The Coalition for Clean Affordable Energy, which includes members such Western Environmental Law Center and 350.org, among others, plans to argue against NEE on Wednesday.

"The arguments being advanced by New Energy Economy have nothing to do with protecting the environment … and could actually have an adverse consequence for the environment," CCAE Attorney Chuck Noble tells SFR by phone. He says that taking the 64 MW of nuclear at Palo Verde out of PNM's rate-base would not shut down the generating station. The Arizona utility that owns the plant would likely simply find other buyers for the energy generated. And PNM would still have to find a way to replace those megawatts for New Mexico.

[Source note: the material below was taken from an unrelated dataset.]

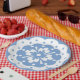 Blauer und weißer Blumenzack Papierplatte Pappteller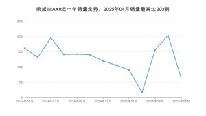 2025年5月,荣威iMAX8销量为63辆,同比下降60.87%,环比下降68.97%。2024年05月-2025年05月份,荣威iMAX8销量为1666辆,同比下降68.08%。

"There's a good likelihood that that replacement would be natural gas generation," says Noble, "so from an environmental point of view, that's only going to increase emissions."

CCAE will and NEE will present oral arguments for and against a special hearing before the PRC at 1 pm on Wednesday July 17 at the PRC offices (1120 Paseo de Peralta).

Editor's note: An earlier version of this story incorrectly included the Rio Grande Chapter of the Sierra Club among member of the coalition that planned to argue against the NEE. Sierra Club leader Camilla Feibelman says the group is not "legally represented" by the coalition.